Louis, too, contributed something besides his fine tenor voice:

"What makes your stove smoke so, Bud?" he questioned.

And Bud explained, with some stammering, that there was something wrong about the pipe; one joint did not fit right into another joint—or, as he expressively stated it, "One j'int was too small, and t'other was too large, and so they didn't work well."

"I should say not," said Louis, amused. "The wonder is that they work at all, with such a double difficulty as that to contend with. Well, Bud, you tell Hawkins to come in to-morrow, and see what is the matter with the joints, and make the large one small and the small one large, or fix it in any other way that suits his genius, so that the thing won't smoke, and send his bill to me. We will have our throats all raw here, before the important day arrives."

"A music-stool, and an organ-tuner, and a new elbow for the stove-pipe," commented Ruth Jennings, in a complacent tone, as they walked home in the snow. "The Ansteds are good for something in the world, after all."

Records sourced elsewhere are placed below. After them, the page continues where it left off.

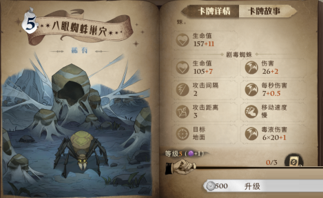 效果:召唤蜘蛛巢穴。巢穴会消耗自身生命值孵化出一只剧毒蜘蛛。剧毒蜘蛛死亡后会在原地留下一滩毒液,巢穴会孵化出一只新的剧毒蜘蛛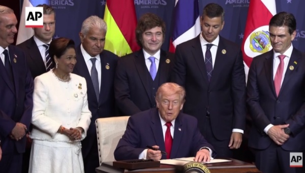 《金融时报》称,在多拉尔,特朗普签署了一项建立"美洲之盾"的宣言,阿根廷、玻利维亚、哥斯达黎加、多米尼加、厄瓜多尔、萨尔瓦多、圭亚那、洪都拉斯、巴拿马、巴拉圭、特立尼达和多巴哥的领导人以及智利当选总统都在他身边。
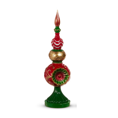 Each finial is richly detailed with gold swoops and swirls, holly leaf accents, and colorful reflectors that sparkle in the light. Their tall, pointed tops make them striking statement pieces, full of nostalgic charm. Perfect for displaying on a mantle, flanking a fireplace, or adding a traditional touch to your Christmas entryway.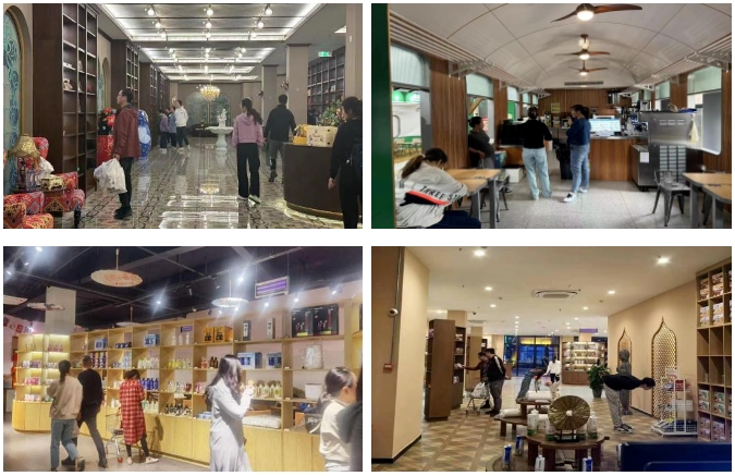 園區(qū)內(nèi)多元業(yè)態(tài)有機(jī)融合,購物、文化展示、休閑娛樂等服務(wù)一應(yīng)俱全,滿足了不同游客的個性化需求。特別是以國內(nèi)外特色為主題的展銷館,如俄羅斯館、大洋洲館、歐洲館等,讓游客領(lǐng)略各地文化精粹,輕松實(shí)現(xiàn)全球購。同時,港泊面館、港泊雅苑、港泊韓膳閣、港泊中歐班列體驗(yàn)館和港泊韓式風(fēng)味體驗(yàn)店等特色餐飲也為游客提供了地道美食,備受游客青睞。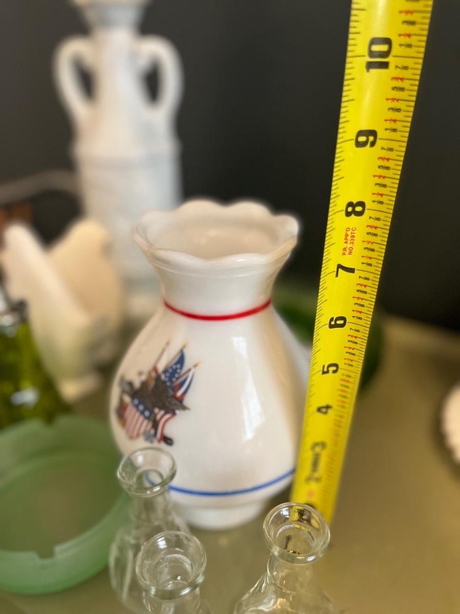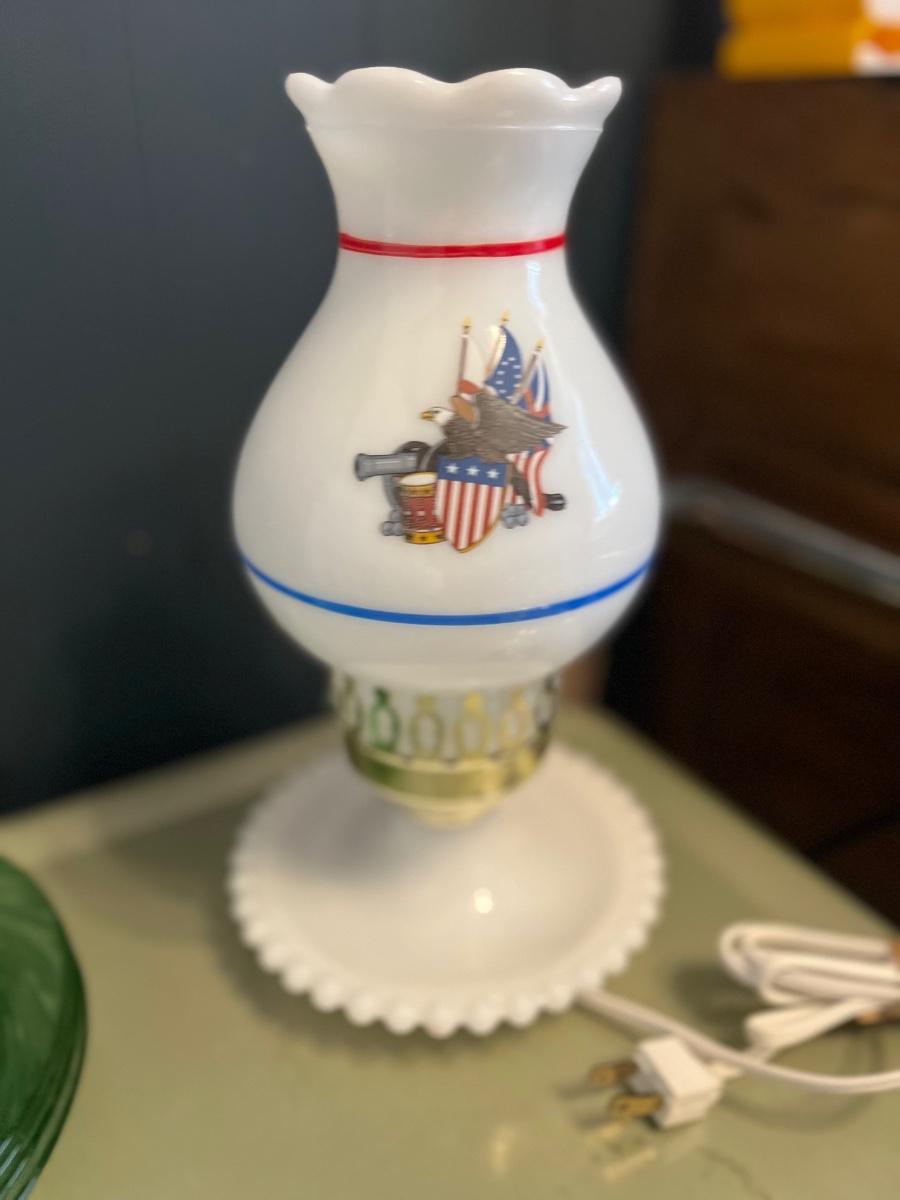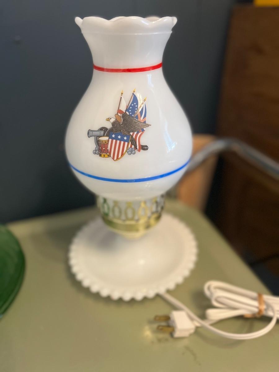 Vintage milk glass lamp with eagle.

About the home-going there was some talk. Claire, down by the stove adjusting her rubbers, caught the watchful, wistful gaze of Bud, and remembered what Ruth had said about her influence over him. How could she exert it so that it would tell on Bud forever? What was there that she could say to him? When was her opportunity? Right at hand, perhaps; she would try.

"Bud," she said, "are you going to see me home through this snow-storm? or must you make haste up the hill?"

It gave her a feeling of pain to see the sudden blaze of light on his dark, swarthy face. What a neglected, friendless life he must have led, that a kind word or two could have such power over him!

"Me!" he said. "Do you mean it? I'd like to carry your books and things, and I could take the broom and sweep along before you. Might I go? Oh, I haven't got to hurry. My work is all done."